Every word in the data below belongs in your copy, exactly as given; the pictures do not.

══════

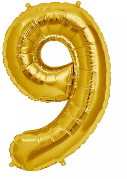 9-es számot formázó óriás, nagy méretű, héliummal tölthető fólia lufi arany színben. 9-es számot formázó óriás, nagy méretű, héliummal tölthető fólia lufi arany színben. Kilencedik születésnapra ajánljuk, de más számokkal kiegészítve lehet belőle készíteni 19-es, 90-es, 89-es, stb számokat is. Anyaga: fólia Mérete: 105cm
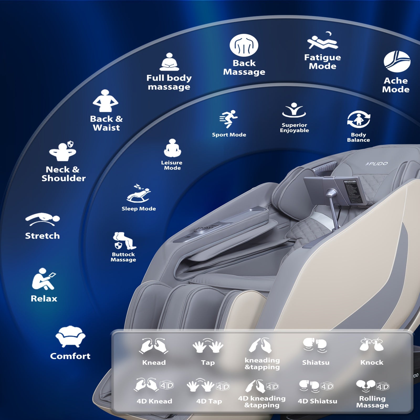 Upgraded 4D Massage Chair:Upgraded 4D Massage Chair Full Body The 4D massage roller imitates human massage. Choose from 15 automatic massage modes, each designed to target specific areas and alleviate various discomforts. Whether you seek relief for your neck, shoulders, back, or legs, there's a mode tailored to your needs. 10 techniques. Customization of Your Massage Chair Modes then enjoy it.
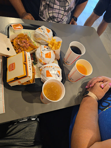 Read moreFuimos 4 personas ayer 6 de enero, comida de reyes, hago mi pedido como siempre y como se que se tardan pues nada paciencia, pero cuando me llaman me ponen solo la cerveza y no le ponen los otros 3 vasos del menú, tanta gente que 5 minutos esperando para 3 vasos, al volver a mesa me comentan que faltan las 4 salsas de queso para las patatas supreme, al ir otra vez 10 minutos para que le den las salsa de queso, gente que quería armarla porque estaba mal atendida y su pedido estaba tardando una hora y el problema no es cocina es que hay 3 personas para tanto trabajo y se entiende que pasen estas cosas, lo no entendible es que te gastes 60€ para pasar trabajo en una comida, el pan de la brutal bacon un poco duro. Burguer king me gusta mucho pero ya no voy tanto por estas cosas, y si es el del carrefour de valverde pides por la app para que te manden a casa, pides una cosa de mas valor y te mandan de menos o directamente lo que quieren, claro como estas en casa cansado de trabajar toda la semana no vas a ir directamente a quejarte allí, una cadena así debería de poner mas personal y hacer las cosas mejor hay muchas cosas que dejan...
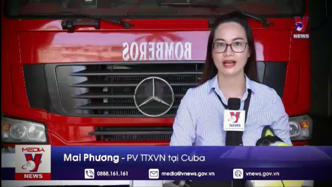 | Phóng viên CQTT tại La Habana Mai Phương đưa tin kỷ niệm Chiến thắng Điện Biên Phủ tại Cuba, tháng 5/2024 |
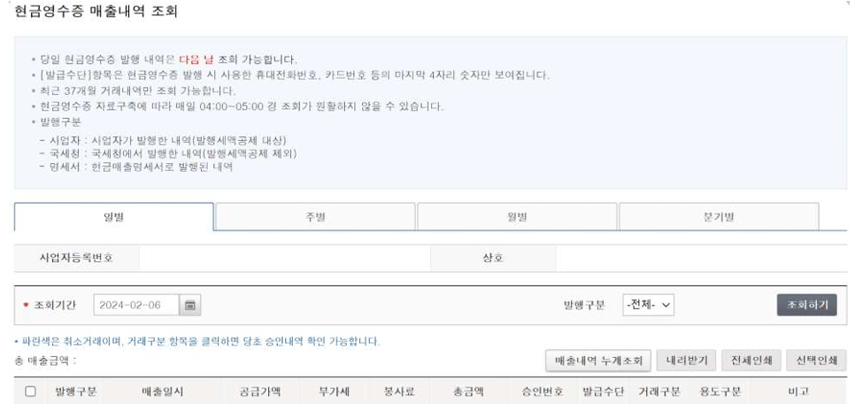 → 현금영수증 조회·발급수단 →가맹점→ 현금영수증 매출내역 조회
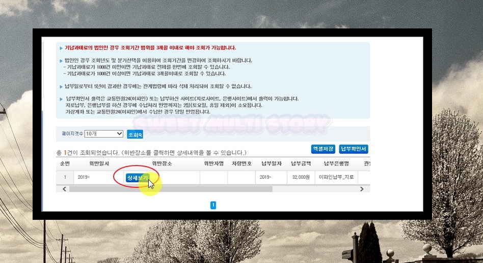 제 경우에는 이전에 교통법규를 준수하지 않았던 적이 있어요. 주정차 관련하여 실수를 했었는데요. 과태료를 납부한 상태이기 때문에 기납 과태료에서 조회가 되네요. 어떤 식으로 교통법규를 위반했는지 자세히 알아보고 싶을 때가 있는데요. 그런 경우에는 [위반 장소]에 있는 [상세보기]를 클릭하면 돼요.
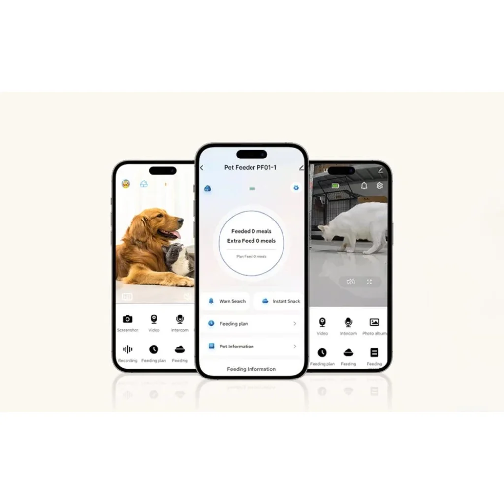 A mobilalkalmazásnak köszönhetően teljes ellenőrzést élvezhet háziállata etetése felett, függetlenül attól, hogy hol tartózkodik. Lehetőség van napi akár 6 étkezés beállítására és az adagok méretének igazítására a háziállat egyedi igényeihez. Az alkalmazás lehetővé teszi étkezések hozzáadását, értesítések megtekintését az ételmaradék szintjéről, háziállata információinak kezelését és egy 10 másodperces hangüzenet rögzítését, amely az etetési időben lejátszásra kerül. Ezzel a megoldással háziállata ismerős hangot hall majd az étkezésre hívás közben.

══════

## Exercise output
 9-es számot formázó óriás, nagy méretű, héliummal tölthető fólia lufi arany színben. 9-es számot formázó óriás, nagy méretű, héliummal tölthető fólia lufi arany színben. Kilencedik születésnapra ajánljuk, de más számokkal kiegészítve lehet belőle készíteni 19-es, 90-es, 89-es, stb számokat is. Anyaga: fólia Mérete: 105cm
 Upgraded 4D Massage Chair:Upgraded 4D Massage Chair Full Body The 4D massage roller imitates human massage. Choose from 15 automatic massage modes, each designed to target specific areas and alleviate various discomforts. Whether you seek relief for your neck, shoulders, back, or legs, there's a mode tailored to your needs. 10 techniques. Customization of Your Massage Chair Modes then enjoy it.
 Read moreFuimos 4 personas ayer 6 de enero, comida de reyes, hago mi pedido como siempre y como se que se tardan pues nada paciencia, pero cuando me llaman me ponen solo la cerveza y no le ponen los otros 3 vasos del menú, tanta gente que 5 minutos esperando para 3 vasos, al volver a mesa me comentan que faltan las 4 salsas de queso para las patatas supreme, al ir otra vez 10 minutos para que le den las salsa de queso, gente que quería armarla porque estaba mal atendida y su pedido estaba tardando una hora y el problema no es cocina es que hay 3 personas para tanto trabajo y se entiende que pasen estas cosas, lo no entendible es que te gastes 60€ para pasar trabajo en una comida, el pan de la brutal bacon un poco duro. Burguer king me gusta mucho pero ya no voy tanto por estas cosas, y si es el del carrefour de valverde pides por la app para que te manden a casa, pides una cosa de mas valor y te mandan de menos o directamente lo que quieren, claro como estas en casa cansado de trabajar toda la semana no vas a ir directamente a quejarte allí, una cadena así debería de poner mas personal y hacer las cosas mejor hay muchas cosas que dejan...
 | Phóng viên CQTT tại La Habana Mai Phương đưa tin kỷ niệm Chiến thắng Điện Biên Phủ tại Cuba, tháng 5/2024 |
 → 현금영수증 조회·발급수단 →가맹점→ 현금영수증 매출내역 조회
 제 경우에는 이전에 교통법규를 준수하지 않았던 적이 있어요. 주정차 관련하여 실수를 했었는데요. 과태료를 납부한 상태이기 때문에 기납 과태료에서 조회가 되네요. 어떤 식으로 교통법규를 위반했는지 자세히 알아보고 싶을 때가 있는데요. 그런 경우에는 [위반 장소]에 있는 [상세보기]를 클릭하면 돼요.
 A mobilalkalmazásnak köszönhetően teljes ellenőrzést élvezhet háziállata etetése felett, függetlenül attól, hogy hol tartózkodik. Lehetőség van napi akár 6 étkezés beállítására és az adagok méretének igazítására a háziállat egyedi igényeihez. Az alkalmazás lehetővé teszi étkezések hozzáadását, értesítések megtekintését az ételmaradék szintjéről, háziállata információinak kezelését és egy 10 másodperces hangüzenet rögzítését, amely az etetési időben lejátszásra kerül. Ezzel a megoldással háziállata ismerős hangot hall majd az étkezésre hívás közben.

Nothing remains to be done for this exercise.